Когда у меня все готово, я собираю волю в кулак и медленно поднимаюсь. Настало время узнать, сколь тяжко он искалечен.
Ноги рыцаря далеко высовываются с лежака, а лицо, по-прежнему бескровное под разводами синяков, просто поражает меня своим безобразием. Щеки сплошь в оспинах, одну сторону лица уродует длинный шрам. Нос сломан, причем далеко не единожды, часть уха отрублена. Синяки и опухоли сойдут, но красавцем он все равно не станет.
Его тело — сплошные канаты мышц, скрепленных мощными сухожилиями. Если бы некий скульптор решил придать зримый облик человеческой силе, он изваял бы что-то подобное. И надо ли говорить, что рыцарь с головы до пят покрыт шрамами. Багрянец воспаленных свежих ран мешается с серебристыми следами прежних сражений.
С ума сойти, сколько всего выдержал этот человек!
Выдержал — и выжил…
Я склоняюсь над ним, и моя рука безотчетным движением касается его кожи, легонько скользит по ней.
— И как только ты еще жив? — спрашиваю тихо.
— А меня убить почти невозможно. — Рокот низкого голоса наполняет комнату до самых стропил.
Я быстро перевожу взгляд на лицо Чудища — как-то даже не поняла, что произнесла свой вопрос вслух. Между тем в полных боли глазах светится острый и ясный ум. Волчьи у него глаза, вот что. Причем такие же светлые. Только цвет другой.
— Вот это добрая новость, — говорю я. — Значит, я могу особо не трястись, перевязывая твои болячки.
Его брови взлетают кверху.
— Ты?
Свирепые синие глаза оглядывают меня сверху вниз. Не с каким-то мужским интересом, просто этак оценивающе.
Я нарочито озираю пустую кухню:
— А что, у тебя еще кто-то на уме? Может, тюремщик? Да умей он хоть что-нибудь, разве еще раньше не позаботился бы о тебе?

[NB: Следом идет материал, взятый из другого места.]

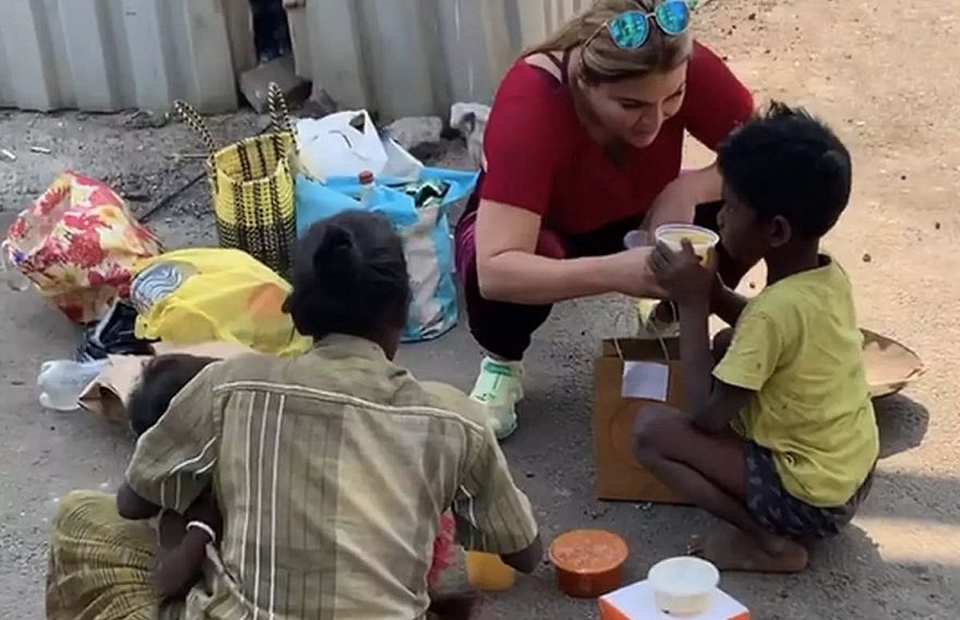 ބޮލީވުޑްގެ މަޝްހޫރު ނެށުންތެރިޔާ ރާކީ ސާވަންތު، މަގުމަތީގައި އުޅޭ އާއިލާއަކަށް ކާންދޭ ވީޑިއޯއެއް އާންމުވުމުން ގިނަ ބަޔަކު އޭނާ އަށް ތައުރީފުކޮށްފި އެވެ.
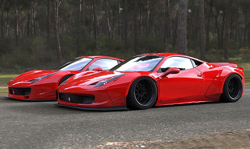 Full body kit, lip spoiler type for the Ferarri F458 Italia by Super Veloce Racing, a famous Ferrari aftermarket manufacturer in Japan. Part of the widebody kit for the Italia.
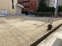 2022年2月11日(金)撮影 アスファルトの下地の砂が入れられ更に ならされて固められています。 |
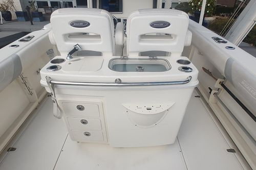 - Drink holders (4 in bow, 4 in hawse pipes, 2 in leaning post, 2 in console)
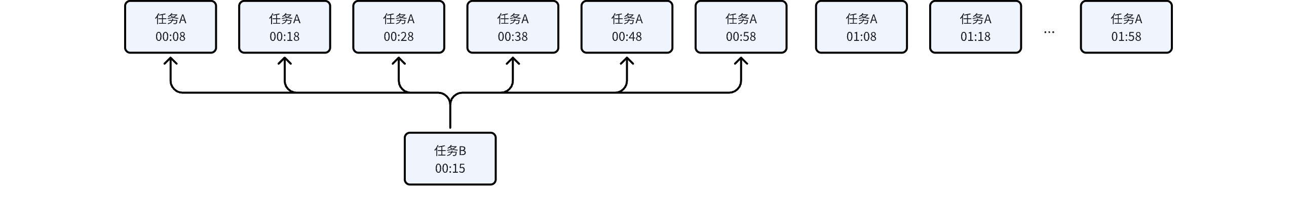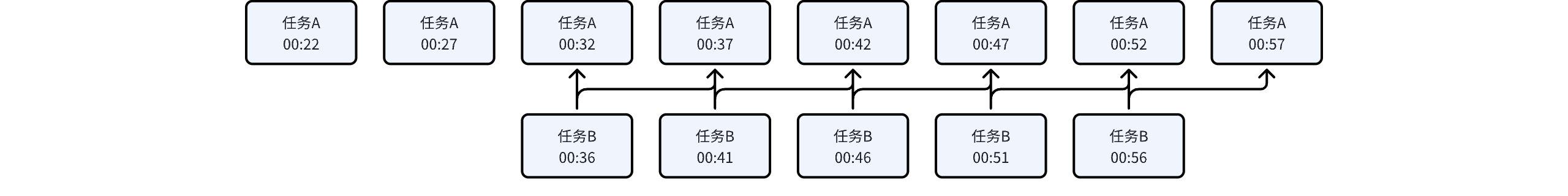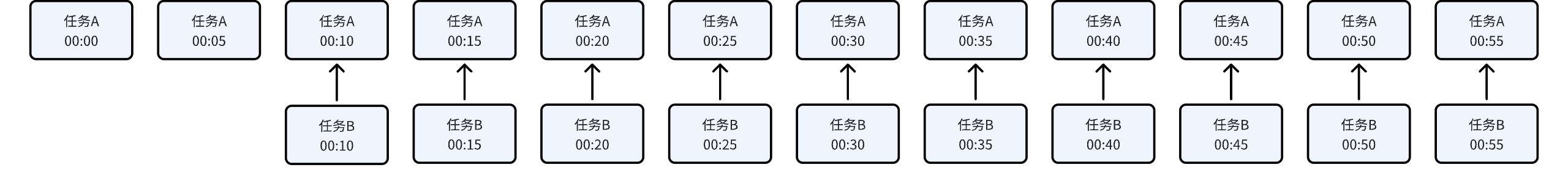 | Task A: 00:22-00:59 interval, generate an instance every 5 minutes. A total of 8 instances, the first instance at 00:12. Task B: 00:36-00:59 interval, generate an instance every 5 minutes. A total of 5 instances, the first instance at 00:15. | ![]() |
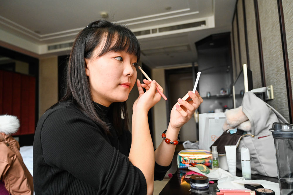 ↑1月23日早,在乌兰察布市集宁区酒店休息一晚后,张芳化妆准备去看望未婚夫裴召勇。
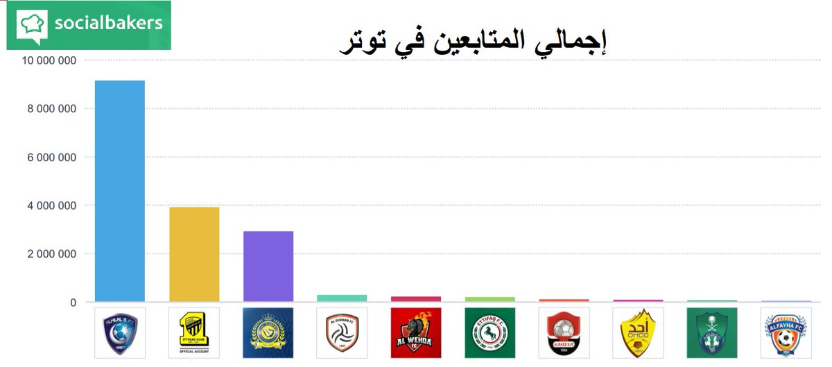 • يمتلك نادي الهلال أكبر قاعدة جماهيرية على تويتر بأكثر من 9 مليون متابع. تلاه الاتحاد ثم النصر.
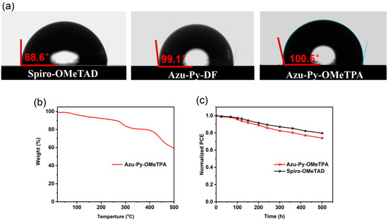 Contact angle measurements of Azu-Py-DF, Azu-Py-OMeTPA, and Spiro-OMeTAD, spin-coated onto perovskite thin films, are shown in Figure 6 to evaluate their hydrophobicity. The water contact angles were measured as 99.1° for Azu-Py-DF and 100.5° for Azu-Py-OMeTPA, both slightly higher than that of Spiro-OMeTAD (88.6°). This improved hydrophobicity may help mitigate perovskite degradation under certain humid conditions. However, thermogravimetric analysis (TGA) revealed that Azu-Py-OMeTPA exhibits a mass loss of less than 5% around 300 °C, indicating a lower thermal stability compared to Spiro-OMeTAD [32], suggesting greater sensitivity to heat. The long-term stability of the unpackaged devices under ambient conditions (RH 40–50%, room temperature) is presented in Figure 6c. The PSCs based on Azu-Py-OMeTPA maintained 74% of their initial efficiency after 500 h of aging, which is lower than that of Spiro-OMeTAD (80%) under the same conditions. This indicates that further studies are necessary to improve the stability of azulene-based HTMs.
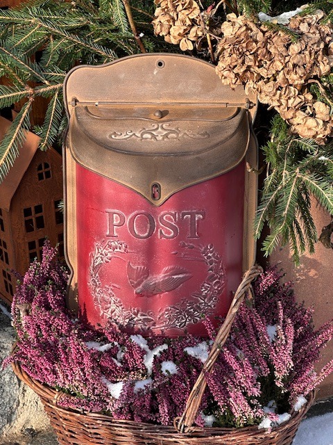 Krásná vintage kovová poštovní schránka, k zavěšení.
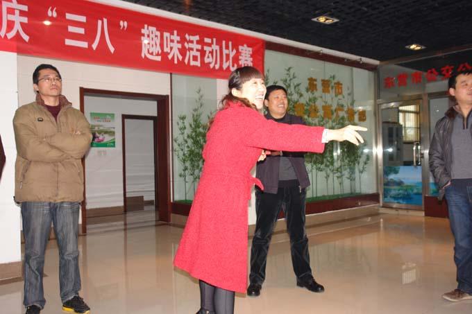 為慶祝“三八”國際勞動(dòng)?jì)D女節(jié),豐富和活躍職工文化生活,3月5日下午,市公交公司廣告部舉行了慶“三八”趣味活動(dòng)比賽。比賽設(shè)有搶凳子、夾玻璃球、吹氣球、投擲飛鏢四個(gè)項(xiàng)目。整個(gè)活動(dòng)現(xiàn)場氣氛熱烈,快樂而有趣,所有人員興致勃勃參與到各個(gè)趣味游戲當(dāng)中。大家各施其技,力爭取勝,過關(guān)的喜悅,獲勝的歡樂一次次把比賽推向高潮。

Я вытягиваю руку в сторону карлика, который не без робости следит за нашей перепалкой, и требовательно шевелю пальцами. Одолев неуверенность, тот вручает мне чистую тряпицу. Я обещала рыцарю «не особо трястись», но, подсев к нему, начинаю очень бережно обтирать рассеченное лицо. Это отнюдь не уменьшает его безобразия, но, по крайней мере, я с облегчением вижу, что лицевые кости целы и под грязью не таятся проникающие ранения.
Потом я принимаюсь за длинную резаную рану на предплечье. К счастью, она не достигает костей, не рассекает никаких жил и крупных сосудов. Однако ее требуется вычистить — процедура сродни пытке — и зашить, если только еще не слишком поздно накладывать швы. Также у него две глубокие раны от стрел в левом плече. Обе жестоко воспалены из-за грязи. Я осторожно ощупываю их через тряпицу — нет ли внутри щепок дерева или отвалившихся наконечников. Рыцарь резко втягивает воздух, но больше не издает ни звука.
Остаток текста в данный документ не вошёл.